> [Task objective]: Beginning at the line that contains "From Tim Husband", reproduce the entries below exactly, ending with the line that contains "HEAVY DEMOLITION of". Omit each picture.

> [Data to examine]:
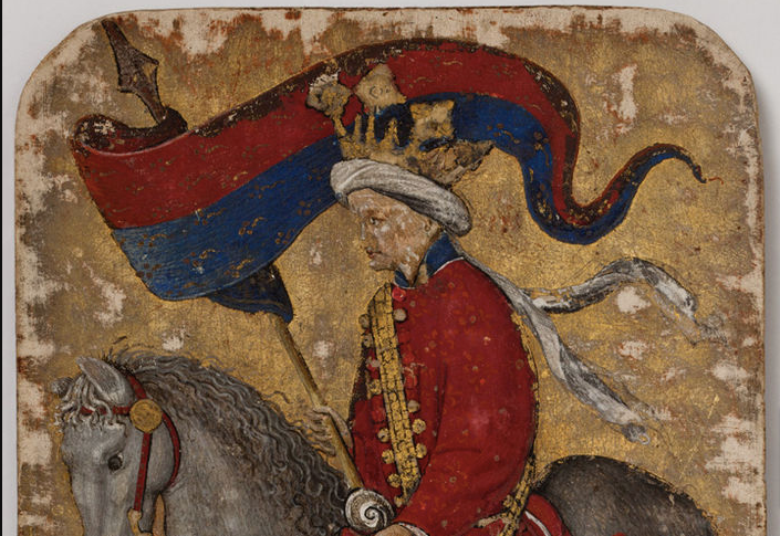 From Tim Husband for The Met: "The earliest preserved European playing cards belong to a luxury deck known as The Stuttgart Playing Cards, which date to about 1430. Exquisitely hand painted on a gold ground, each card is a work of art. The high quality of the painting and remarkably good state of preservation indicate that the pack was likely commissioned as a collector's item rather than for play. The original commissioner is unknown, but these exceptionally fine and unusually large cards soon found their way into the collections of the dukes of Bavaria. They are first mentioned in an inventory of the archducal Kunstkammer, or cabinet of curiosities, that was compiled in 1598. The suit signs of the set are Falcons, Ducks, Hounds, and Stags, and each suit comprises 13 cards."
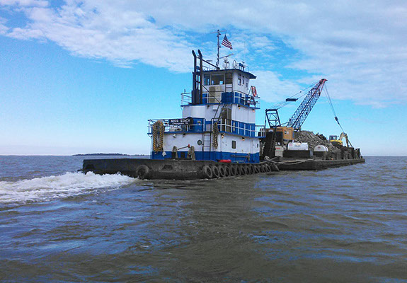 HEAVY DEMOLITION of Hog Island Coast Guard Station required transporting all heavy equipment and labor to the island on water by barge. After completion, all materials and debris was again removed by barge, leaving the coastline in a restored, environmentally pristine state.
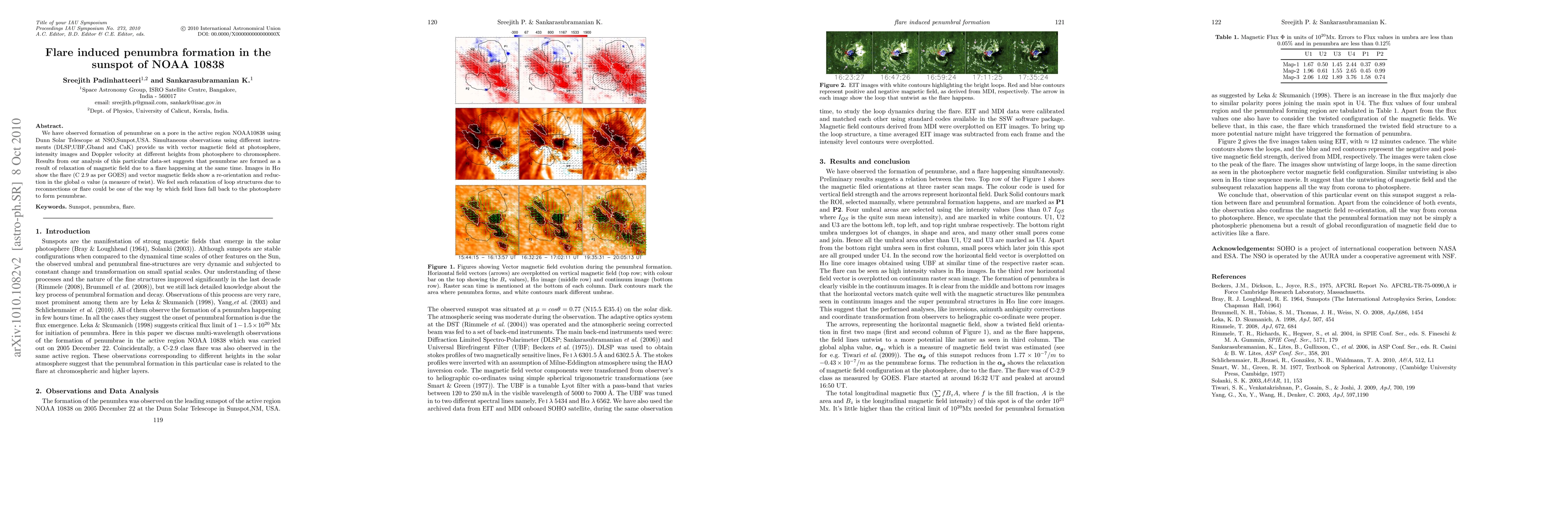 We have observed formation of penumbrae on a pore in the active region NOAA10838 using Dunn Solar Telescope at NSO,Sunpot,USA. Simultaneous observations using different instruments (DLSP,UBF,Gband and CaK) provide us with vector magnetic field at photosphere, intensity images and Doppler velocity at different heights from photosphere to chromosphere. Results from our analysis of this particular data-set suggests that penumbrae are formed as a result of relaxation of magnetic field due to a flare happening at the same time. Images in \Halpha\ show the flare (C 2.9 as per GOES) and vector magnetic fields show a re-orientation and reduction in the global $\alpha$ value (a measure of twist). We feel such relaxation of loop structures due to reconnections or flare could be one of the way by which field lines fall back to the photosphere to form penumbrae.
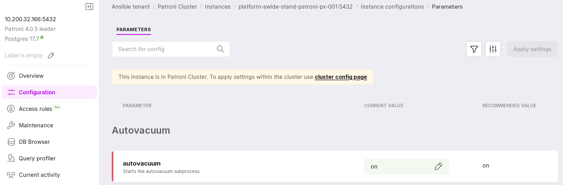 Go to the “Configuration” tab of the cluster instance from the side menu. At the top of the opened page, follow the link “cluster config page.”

* * *

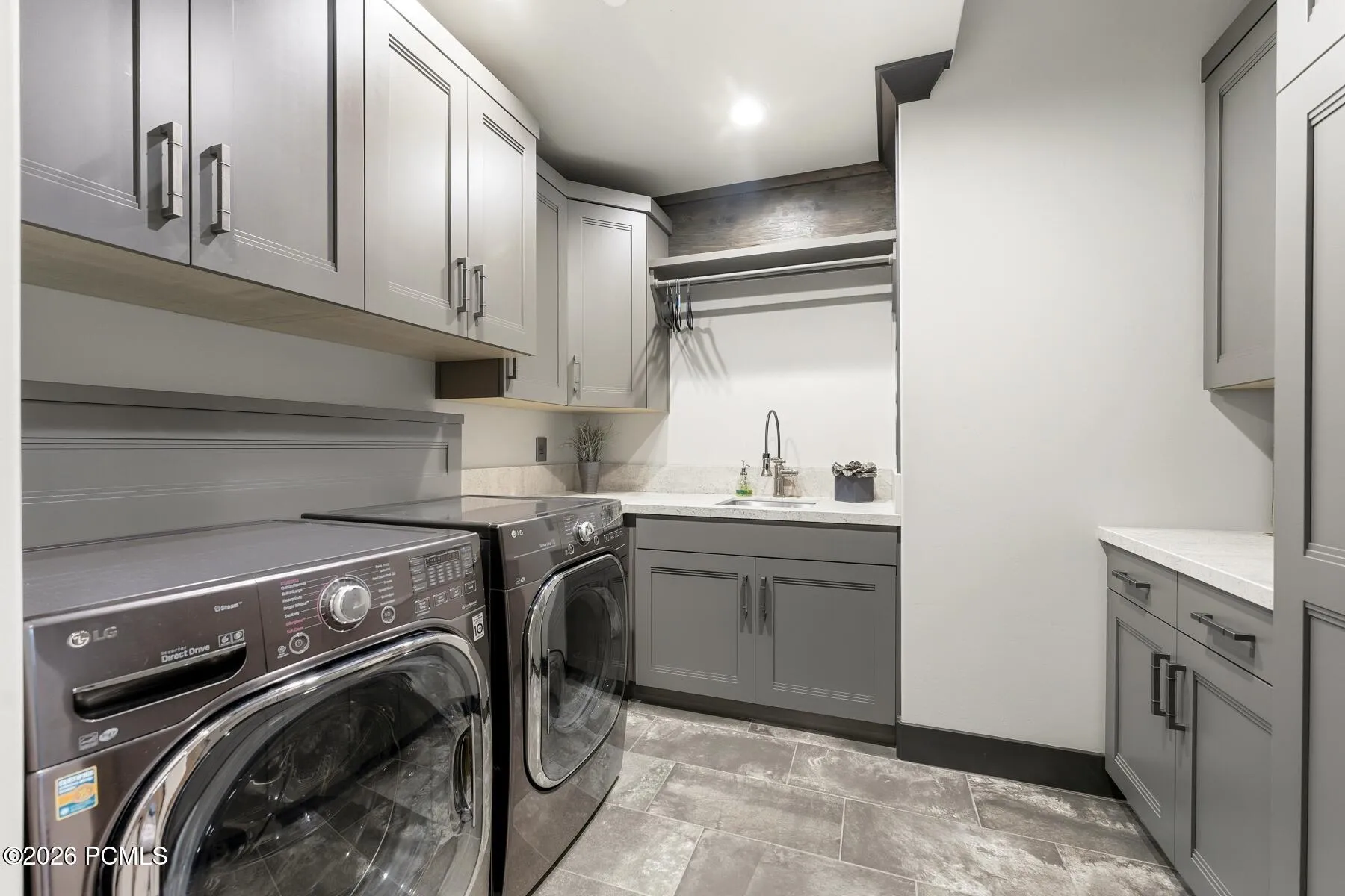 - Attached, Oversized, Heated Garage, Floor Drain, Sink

> [Result for this exercise]:
 From Tim Husband for The Met: "The earliest preserved European playing cards belong to a luxury deck known as The Stuttgart Playing Cards, which date to about 1430. Exquisitely hand painted on a gold ground, each card is a work of art. The high quality of the painting and remarkably good state of preservation indicate that the pack was likely commissioned as a collector's item rather than for play. The original commissioner is unknown, but these exceptionally fine and unusually large cards soon found their way into the collections of the dukes of Bavaria. They are first mentioned in an inventory of the archducal Kunstkammer, or cabinet of curiosities, that was compiled in 1598. The suit signs of the set are Falcons, Ducks, Hounds, and Stags, and each suit comprises 13 cards."
 HEAVY DEMOLITION of Hog Island Coast Guard Station required transporting all heavy equipment and labor to the island on water by barge. After completion, all materials and debris was again removed by barge, leaving the coastline in a restored, environmentally pristine state.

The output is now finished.